=== RECORDS SUPPLIED ===

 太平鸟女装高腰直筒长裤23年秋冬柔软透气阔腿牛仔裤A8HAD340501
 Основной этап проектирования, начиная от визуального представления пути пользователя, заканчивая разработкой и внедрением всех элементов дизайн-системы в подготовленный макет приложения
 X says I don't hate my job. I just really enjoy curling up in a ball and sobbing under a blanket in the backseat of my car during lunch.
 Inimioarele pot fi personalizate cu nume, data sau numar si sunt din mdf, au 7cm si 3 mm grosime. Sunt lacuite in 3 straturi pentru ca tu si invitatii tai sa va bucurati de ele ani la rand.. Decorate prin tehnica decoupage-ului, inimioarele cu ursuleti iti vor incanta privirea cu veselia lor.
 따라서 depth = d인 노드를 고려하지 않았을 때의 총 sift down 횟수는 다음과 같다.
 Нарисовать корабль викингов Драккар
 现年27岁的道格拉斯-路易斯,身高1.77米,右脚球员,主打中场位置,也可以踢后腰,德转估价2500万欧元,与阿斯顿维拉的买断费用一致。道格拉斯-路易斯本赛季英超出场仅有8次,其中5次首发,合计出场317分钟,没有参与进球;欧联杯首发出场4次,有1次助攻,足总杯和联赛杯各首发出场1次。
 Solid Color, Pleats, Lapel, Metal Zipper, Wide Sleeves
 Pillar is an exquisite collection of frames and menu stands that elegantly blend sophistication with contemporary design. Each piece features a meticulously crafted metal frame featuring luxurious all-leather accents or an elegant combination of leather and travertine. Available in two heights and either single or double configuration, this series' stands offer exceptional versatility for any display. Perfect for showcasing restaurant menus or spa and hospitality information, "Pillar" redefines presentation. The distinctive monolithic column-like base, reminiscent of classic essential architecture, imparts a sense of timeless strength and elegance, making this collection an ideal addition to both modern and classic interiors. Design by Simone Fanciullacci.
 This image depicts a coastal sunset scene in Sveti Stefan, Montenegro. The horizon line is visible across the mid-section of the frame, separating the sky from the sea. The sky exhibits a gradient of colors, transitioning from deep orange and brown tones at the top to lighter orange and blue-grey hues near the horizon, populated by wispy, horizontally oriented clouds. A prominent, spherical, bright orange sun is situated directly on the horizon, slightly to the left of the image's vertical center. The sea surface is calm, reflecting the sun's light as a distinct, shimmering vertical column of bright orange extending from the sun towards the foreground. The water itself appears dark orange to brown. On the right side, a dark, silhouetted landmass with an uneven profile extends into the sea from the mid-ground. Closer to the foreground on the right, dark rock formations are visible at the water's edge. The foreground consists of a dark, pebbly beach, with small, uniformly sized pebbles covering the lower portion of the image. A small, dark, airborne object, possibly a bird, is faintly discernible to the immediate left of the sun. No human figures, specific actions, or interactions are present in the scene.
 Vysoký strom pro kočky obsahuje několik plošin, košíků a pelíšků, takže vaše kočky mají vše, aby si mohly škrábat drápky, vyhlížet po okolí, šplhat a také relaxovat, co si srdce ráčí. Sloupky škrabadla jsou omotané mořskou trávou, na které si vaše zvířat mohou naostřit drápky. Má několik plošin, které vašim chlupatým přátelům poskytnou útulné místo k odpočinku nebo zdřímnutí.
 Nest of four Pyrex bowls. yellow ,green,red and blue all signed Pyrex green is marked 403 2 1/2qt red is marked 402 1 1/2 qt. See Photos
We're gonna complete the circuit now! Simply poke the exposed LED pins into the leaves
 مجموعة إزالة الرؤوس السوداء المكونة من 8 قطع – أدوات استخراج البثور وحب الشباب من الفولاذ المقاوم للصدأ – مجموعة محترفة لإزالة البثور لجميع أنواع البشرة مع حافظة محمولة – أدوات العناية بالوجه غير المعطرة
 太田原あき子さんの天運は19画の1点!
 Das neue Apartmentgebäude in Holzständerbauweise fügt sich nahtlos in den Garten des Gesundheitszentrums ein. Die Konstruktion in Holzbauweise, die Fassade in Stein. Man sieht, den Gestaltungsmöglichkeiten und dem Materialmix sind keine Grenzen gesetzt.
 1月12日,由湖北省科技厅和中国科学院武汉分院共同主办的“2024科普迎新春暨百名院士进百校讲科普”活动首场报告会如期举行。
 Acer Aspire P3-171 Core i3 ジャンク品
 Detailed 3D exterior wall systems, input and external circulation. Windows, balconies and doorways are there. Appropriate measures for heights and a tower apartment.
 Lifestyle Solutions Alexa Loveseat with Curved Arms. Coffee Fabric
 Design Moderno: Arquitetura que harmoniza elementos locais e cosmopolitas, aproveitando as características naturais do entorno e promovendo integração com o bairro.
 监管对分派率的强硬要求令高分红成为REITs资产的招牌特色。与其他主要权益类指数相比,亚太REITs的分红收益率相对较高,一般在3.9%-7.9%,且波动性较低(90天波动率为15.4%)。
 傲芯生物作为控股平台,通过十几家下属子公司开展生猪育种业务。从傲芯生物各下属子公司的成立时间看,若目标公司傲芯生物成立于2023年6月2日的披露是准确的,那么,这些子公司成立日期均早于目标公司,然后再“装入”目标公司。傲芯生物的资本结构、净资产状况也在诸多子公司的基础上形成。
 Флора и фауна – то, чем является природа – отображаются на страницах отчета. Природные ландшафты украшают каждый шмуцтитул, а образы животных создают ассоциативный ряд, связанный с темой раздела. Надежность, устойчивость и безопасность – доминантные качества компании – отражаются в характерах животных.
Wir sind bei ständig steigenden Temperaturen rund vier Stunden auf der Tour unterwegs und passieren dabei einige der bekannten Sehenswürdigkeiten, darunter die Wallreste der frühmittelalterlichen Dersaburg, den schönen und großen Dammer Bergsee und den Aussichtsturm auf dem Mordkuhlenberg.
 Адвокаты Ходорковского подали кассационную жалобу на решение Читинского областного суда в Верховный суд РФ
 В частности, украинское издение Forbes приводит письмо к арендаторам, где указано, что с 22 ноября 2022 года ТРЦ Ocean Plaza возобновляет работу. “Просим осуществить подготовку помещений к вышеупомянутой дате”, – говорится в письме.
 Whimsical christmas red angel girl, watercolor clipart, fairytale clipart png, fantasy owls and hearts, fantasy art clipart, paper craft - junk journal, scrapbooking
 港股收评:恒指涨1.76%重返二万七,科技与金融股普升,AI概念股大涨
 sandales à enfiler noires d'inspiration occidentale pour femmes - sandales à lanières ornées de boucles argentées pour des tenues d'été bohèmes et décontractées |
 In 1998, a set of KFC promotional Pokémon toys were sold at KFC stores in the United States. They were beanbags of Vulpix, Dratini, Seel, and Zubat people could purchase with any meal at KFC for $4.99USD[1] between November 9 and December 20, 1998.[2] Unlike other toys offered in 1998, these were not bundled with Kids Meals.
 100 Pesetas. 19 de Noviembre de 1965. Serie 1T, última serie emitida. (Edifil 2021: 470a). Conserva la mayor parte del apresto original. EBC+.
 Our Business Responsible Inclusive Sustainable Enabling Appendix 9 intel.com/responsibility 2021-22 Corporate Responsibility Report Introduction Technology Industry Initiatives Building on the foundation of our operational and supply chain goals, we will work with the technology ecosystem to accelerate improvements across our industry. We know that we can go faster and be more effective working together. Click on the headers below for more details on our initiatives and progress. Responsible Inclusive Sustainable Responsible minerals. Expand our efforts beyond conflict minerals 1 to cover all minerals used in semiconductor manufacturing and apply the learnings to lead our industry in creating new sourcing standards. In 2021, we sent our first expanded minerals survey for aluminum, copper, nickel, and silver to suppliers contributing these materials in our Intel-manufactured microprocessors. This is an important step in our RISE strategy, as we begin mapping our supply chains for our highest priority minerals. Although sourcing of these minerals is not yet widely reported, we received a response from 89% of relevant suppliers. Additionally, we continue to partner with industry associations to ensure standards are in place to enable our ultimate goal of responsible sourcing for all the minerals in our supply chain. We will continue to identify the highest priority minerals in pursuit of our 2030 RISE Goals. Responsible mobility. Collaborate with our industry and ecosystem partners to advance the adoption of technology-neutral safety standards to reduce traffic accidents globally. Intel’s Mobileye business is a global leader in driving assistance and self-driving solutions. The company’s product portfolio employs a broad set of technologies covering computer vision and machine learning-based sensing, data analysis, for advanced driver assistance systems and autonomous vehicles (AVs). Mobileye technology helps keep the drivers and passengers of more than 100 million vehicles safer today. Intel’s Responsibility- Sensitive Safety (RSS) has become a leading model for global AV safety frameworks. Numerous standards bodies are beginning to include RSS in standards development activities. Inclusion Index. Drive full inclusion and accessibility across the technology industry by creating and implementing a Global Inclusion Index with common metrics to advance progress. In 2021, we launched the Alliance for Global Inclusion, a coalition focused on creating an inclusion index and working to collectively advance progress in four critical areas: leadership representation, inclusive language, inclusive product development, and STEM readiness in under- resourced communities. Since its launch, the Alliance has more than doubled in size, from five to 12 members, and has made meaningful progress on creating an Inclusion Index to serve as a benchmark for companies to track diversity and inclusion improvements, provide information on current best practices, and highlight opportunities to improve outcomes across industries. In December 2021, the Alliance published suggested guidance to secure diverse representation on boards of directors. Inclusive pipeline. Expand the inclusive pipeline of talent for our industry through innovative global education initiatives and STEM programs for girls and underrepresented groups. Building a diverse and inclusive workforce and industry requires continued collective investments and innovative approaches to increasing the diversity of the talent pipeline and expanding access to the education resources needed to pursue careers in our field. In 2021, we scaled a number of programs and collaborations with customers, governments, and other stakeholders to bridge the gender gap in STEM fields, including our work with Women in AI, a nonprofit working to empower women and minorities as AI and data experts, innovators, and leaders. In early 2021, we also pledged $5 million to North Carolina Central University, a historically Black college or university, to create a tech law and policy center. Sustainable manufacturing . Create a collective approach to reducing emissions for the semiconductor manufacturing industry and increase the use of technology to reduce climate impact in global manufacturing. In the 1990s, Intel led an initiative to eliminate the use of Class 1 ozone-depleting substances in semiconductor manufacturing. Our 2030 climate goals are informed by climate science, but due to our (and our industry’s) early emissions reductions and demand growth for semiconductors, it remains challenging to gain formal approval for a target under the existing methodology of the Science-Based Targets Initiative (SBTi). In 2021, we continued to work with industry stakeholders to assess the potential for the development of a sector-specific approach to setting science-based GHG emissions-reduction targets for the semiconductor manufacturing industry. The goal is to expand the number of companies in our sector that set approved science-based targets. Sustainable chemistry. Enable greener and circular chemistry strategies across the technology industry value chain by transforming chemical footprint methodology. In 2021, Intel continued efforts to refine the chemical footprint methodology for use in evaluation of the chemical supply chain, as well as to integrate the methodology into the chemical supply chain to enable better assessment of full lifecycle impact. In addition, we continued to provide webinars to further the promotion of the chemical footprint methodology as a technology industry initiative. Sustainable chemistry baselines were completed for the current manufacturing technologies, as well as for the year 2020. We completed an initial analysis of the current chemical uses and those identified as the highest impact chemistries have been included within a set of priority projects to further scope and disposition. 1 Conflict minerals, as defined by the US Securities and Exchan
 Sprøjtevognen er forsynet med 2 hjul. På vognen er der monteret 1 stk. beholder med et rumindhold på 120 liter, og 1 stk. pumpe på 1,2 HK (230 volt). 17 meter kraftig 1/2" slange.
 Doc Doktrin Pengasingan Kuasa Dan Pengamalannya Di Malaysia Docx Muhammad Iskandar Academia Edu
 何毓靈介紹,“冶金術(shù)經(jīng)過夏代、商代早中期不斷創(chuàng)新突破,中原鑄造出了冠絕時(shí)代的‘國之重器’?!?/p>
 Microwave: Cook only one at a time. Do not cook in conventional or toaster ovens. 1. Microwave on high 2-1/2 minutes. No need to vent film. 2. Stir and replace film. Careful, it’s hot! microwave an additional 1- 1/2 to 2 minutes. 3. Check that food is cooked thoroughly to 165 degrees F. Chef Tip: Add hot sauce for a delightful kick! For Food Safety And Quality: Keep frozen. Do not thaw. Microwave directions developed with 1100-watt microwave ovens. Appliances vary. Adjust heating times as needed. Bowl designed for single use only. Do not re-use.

===

In the material above, find the line containing "sandales à enfiler" and the line containing "100 Pesetas. 19", then write out exactly those two lines and every line between them, and nothing more.

 sandales à enfiler noires d'inspiration occidentale pour femmes - sandales à lanières ornées de boucles argentées pour des tenues d'été bohèmes et décontractées |
 In 1998, a set of KFC promotional Pokémon toys were sold at KFC stores in the United States. They were beanbags of Vulpix, Dratini, Seel, and Zubat people could purchase with any meal at KFC for $4.99USD[1] between November 9 and December 20, 1998.[2] Unlike other toys offered in 1998, these were not bundled with Kids Meals.
 100 Pesetas. 19 de Noviembre de 1965. Serie 1T, última serie emitida. (Edifil 2021: 470a). Conserva la mayor parte del apresto original. EBC+.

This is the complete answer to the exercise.